Segment Start: Records to process
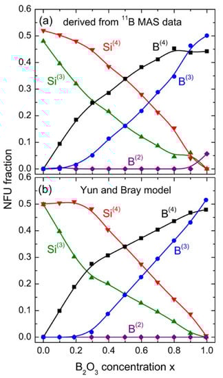 Network forming unit (NFU) fractions of sodium borosilicate glasses as determined (a) by 11B NMR, and (b) by the Yun and Bray model [].
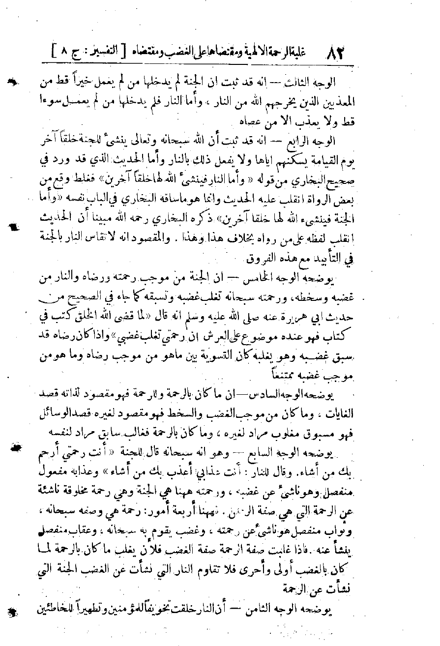 الْوَجْهُ الثَّانِي وَالْعِشْرُونَ - أَنَّهُ سُبْحَانَهُ قَدْ أَوْجَبَ الْخُلُودَ عَلَى مَعَاصِيَ مِنَ الْكَبَائِرِ وَقَيَّدَهُ بِالتَّأْبِيدِ وَلَمْ يُنَافِ ذَلِكَ انْقِطَاعَهُ وَانْتِهَاءَهُ، فَمِنْهَا قَوْلُهُ تَعَالَى: (وَمَنْ يَقْتُلْ مُؤْمِنًا مُتَعَمِّدًا فَجَزَاؤُهُ جَهَنَّمُ خَالِدًا فِيهَا وَغَضِبَ اللهُ عَلَيْهِ وَلَعَنَهُ وَأَعَدَّ لَهُ عَذَابًا عَظِيمًا) (4: 93) وَمِنْهَا قَوْلُ النَّبِيِّ صَلَّى اللَّهُ عَلَيْهِ وَسَلَّمَ: " مَنْ قَتَلَ نَفْسَهُ بِحَدِيدَةٍ فَحَدِيدَتُهُ فِي يَدِهِ يَتَوَجَّأُ بِهَا فِي نَارِ جَهَنَّمَ خَالِدًا مُخَلَّدًا فِيهَا أَبَدًا " وَهُوَ حَدِيثٌ صَحِيحٌ. وَكَذَلِكَ قَوْلُهُ فِي الْحَدِيثِ الْآخَرِ فِي قَاتِلِ نَفْسِهِ: " فَيَقُولُ اللهُ
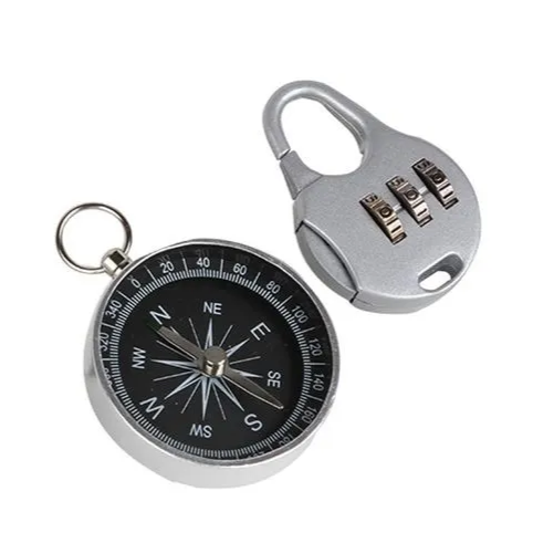 ZámokKvalitný kovový zámok na kufor s 3-miestnou kombináciou. Veľkosť zámku 5 cm x 3,5 cm.KompasS týmto kompasom sa nestratíte. Možno ho použiť na turistiku, kempovanie alebo aj ako základný nástroj na prežitie v núdzových situáciách. Priemer kompasu 4,5 cm.
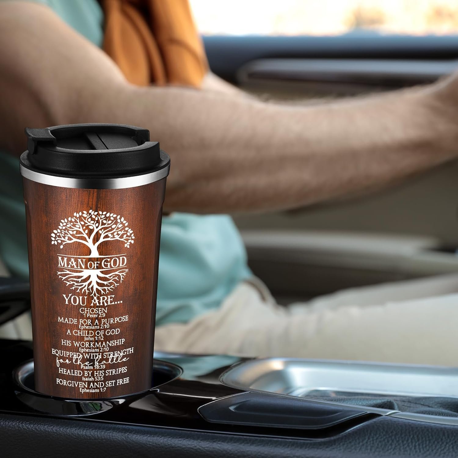 2 Pcs Christian Gifts for Men 17 oz Coffee Tumbler Inspirational Man of God Mugs Stainless Steel Tumbler with Lid Father’s Day Religious Spiritual Gift Set
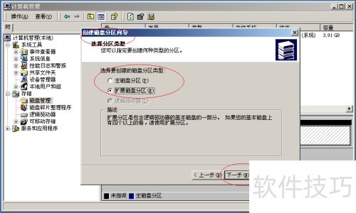 4、 ,打开新建磁盘分区向导窗口,选中扩展磁盘分区选项,完成设置后点击下一步继续操作。
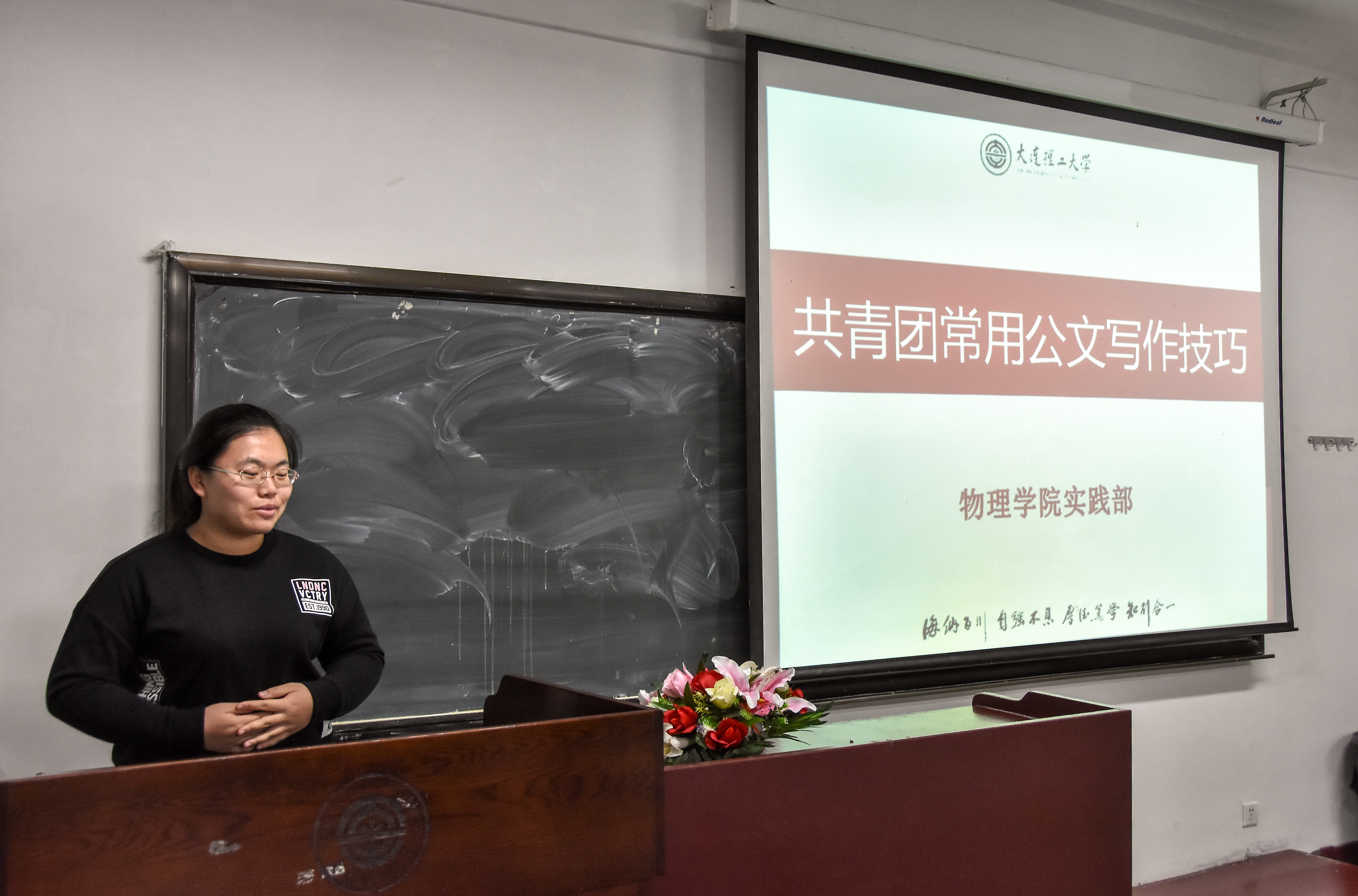 11月29日晚6:30,为满足同学们对PPT制作和公文写作技能的需求,近一步提高同学们的工作水平和服务同学的能力,物理学院于机械馆召开第五次团校,并对相关方面技能进行培训。出席本次团校培训的嘉宾有团委常务副书记李睿意,实践部部长罗英,以及实践部副部长刘璐。
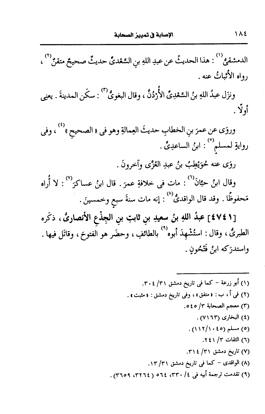 4741- (ز) عَبد الله بن سعيد بن ثابت بن جذع، الأَنصارِيّ.
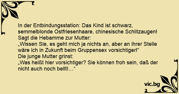 In der Entbindungsstation: Das Kind ist schwarz, semmelblonde Ostfriesenhaare, chinesische Schlitzaugen! Sagt die Hebamme zur Mutter:
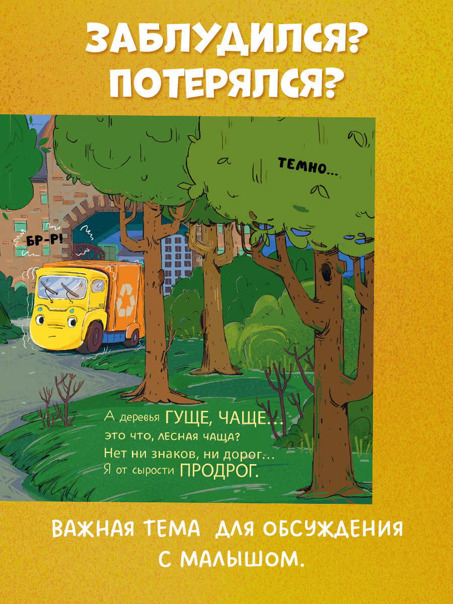 Новые приключения любимого героя малышей – мусоровоза. Ритмичные стихи, чудесные сюжетные иллюстрации и важная тема для обсуждения с ребенком.
Segment End: Records to process
- [Required work]
Please transcribe exactly the part of the records that opens with the line containing "2 Pcs Christian" and closes with the line containing "In der Entbindungsstation: Das", both ends included, and leave out the pictures.

- [Response to the task]
 2 Pcs Christian Gifts for Men 17 oz Coffee Tumbler Inspirational Man of God Mugs Stainless Steel Tumbler with Lid Father’s Day Religious Spiritual Gift Set
 4、 ,打开新建磁盘分区向导窗口,选中扩展磁盘分区选项,完成设置后点击下一步继续操作。
 11月29日晚6:30,为满足同学们对PPT制作和公文写作技能的需求,近一步提高同学们的工作水平和服务同学的能力,物理学院于机械馆召开第五次团校,并对相关方面技能进行培训。出席本次团校培训的嘉宾有团委常务副书记李睿意,实践部部长罗英,以及实践部副部长刘璐。
 4741- (ز) عَبد الله بن سعيد بن ثابت بن جذع، الأَنصارِيّ.
 In der Entbindungsstation: Das Kind ist schwarz, semmelblonde Ostfriesenhaare, chinesische Schlitzaugen! Sagt die Hebamme zur Mutter:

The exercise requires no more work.